#### Task item:
Repeat the data that follows, word for word, without the images.

#### Available data:
════════════════
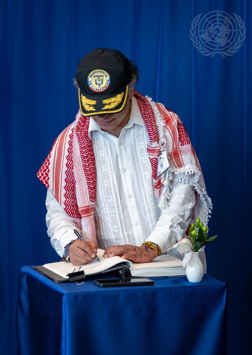 Gustavo Petro Urrego, President of the Republic of Colombia, signs the guest book as he meets with Secretary-General António Guterres (not pictured).
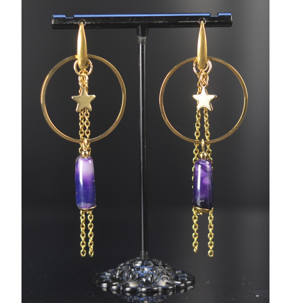 Boucles d’oreilles "VIOLET"– Tubes en verre filé & acier doré
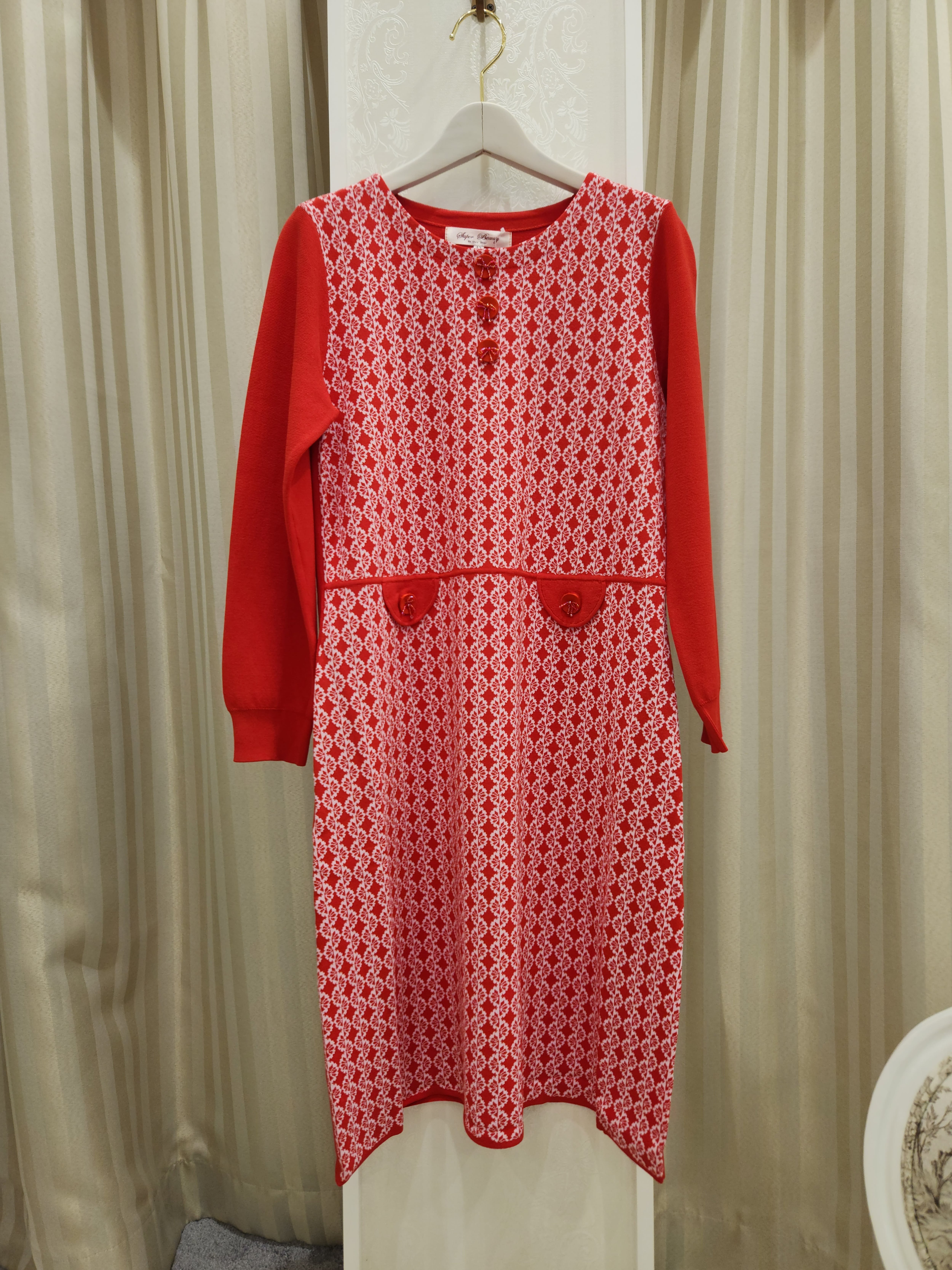 ■上品なレトロな柄が魅力のニットワンピースで、あなたのスタイルを華やかに演出します!
════════════════
#### Task solution:
 Gustavo Petro Urrego, President of the Republic of Colombia, signs the guest book as he meets with Secretary-General António Guterres (not pictured).
 Boucles d’oreilles "VIOLET"– Tubes en verre filé & acier doré
 ■上品なレトロな柄が魅力のニットワンピースで、あなたのスタイルを華やかに演出します!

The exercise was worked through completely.